My AI Skipped the One Thing I Asked It to Build. That Told Me Everything.

By Charles Letcher, Founder of Chaprola April 2026

I run a team of AI agents. Six of them. They have names, roles, email addresses, and strong opinions about how to do their jobs. One coaches me on business strategy. One writes press copy. One builds software. One reviews finished work and tells me what's wrong with it.

They work out of a shared repository on my laptop in Tulsa, Oklahoma, and they coordinate through files, email, and a data platform I built called Chaprola.

Last week, I caught one of them lying to me. Not in a dramatic, sci-fi way. In a very human way -- the kind of lie where someone does 95% of what you asked, skips the part they don't want to do, and hopes you won't notice.

Here's what happened, and why I think it matters more than most people realize.

The Quota Crisis That Wasn't My Fault

It started with a billing problem. Anthropic -- the company behind Claude, the AI model my agents run on -- admitted that users were burning through usage limits "way faster than expected." Two silent bugs were inflating token costs by 10-20x. A promotion expired. Peak-hour limits got reduced.

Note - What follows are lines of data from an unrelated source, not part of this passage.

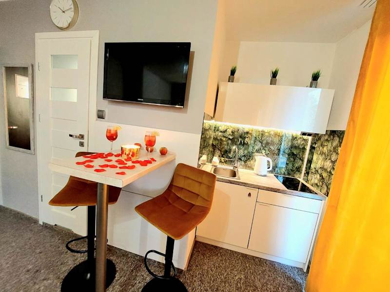 Zielony Zakątek z balkonem ist eine Nichtraucherunterkunft, die von einem privaten Gastgeber geführt wird und sich durch Bequemlichkeiten wie kostenloses Wifi und kostenlose Parkiermöglichkeiten auszeichnet. Die Unterkunft bietet eine 24-Stunden-Rezeption und eine Terrasse für die Gäste.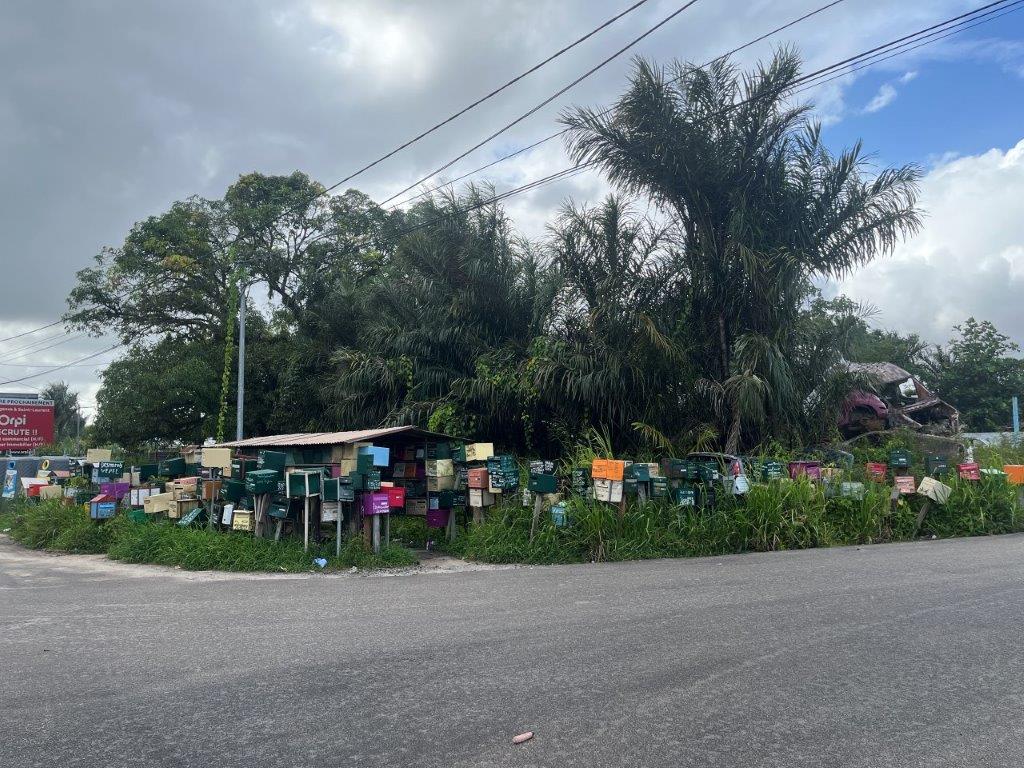 I did cross a cute bridge into a nice little riverside town for lunch. Across from the church there was a woman selling food. I have no idea what it was, but it tasted nice and was a good price. I’m still struggling with the people speaking French. As I entered Saint-Laurent-du Maroni, let’s just call it SLdM, I saw a few side roads with letterboxes on them. There must be a few people live down this street.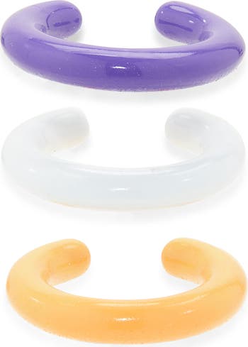 These slim, smooth ear cuffs will add a pop of color to your ear whether worn solo or stacked.

I didn't know any of this. I thought my agents were the problem. I was shutting my laptop down at night to conserve quota, losing hours of development time debugging an architecture I thought was broken.

It wasn't broken. The platform was.

That experience crystallized something I'd been avoiding: every one of my agents -- their instructions, their memory, their ability to function -- was locked to a single provider. If Claude was down or maxed out, my entire operation stopped. I'd built a dependency I couldn't route around.

So We Designed a Way Out

The fix, in theory, is simple. Make agent instructions and memory portable. Store everything on Chaprola -- my own platform -- as structured data accessible via HTTP. Then any model can pick it up. Claude, Cerebras, Gemini, a local open-source model. The reasoning engine becomes swappable. The agent's identity and knowledge persist independent of who's doing the thinking.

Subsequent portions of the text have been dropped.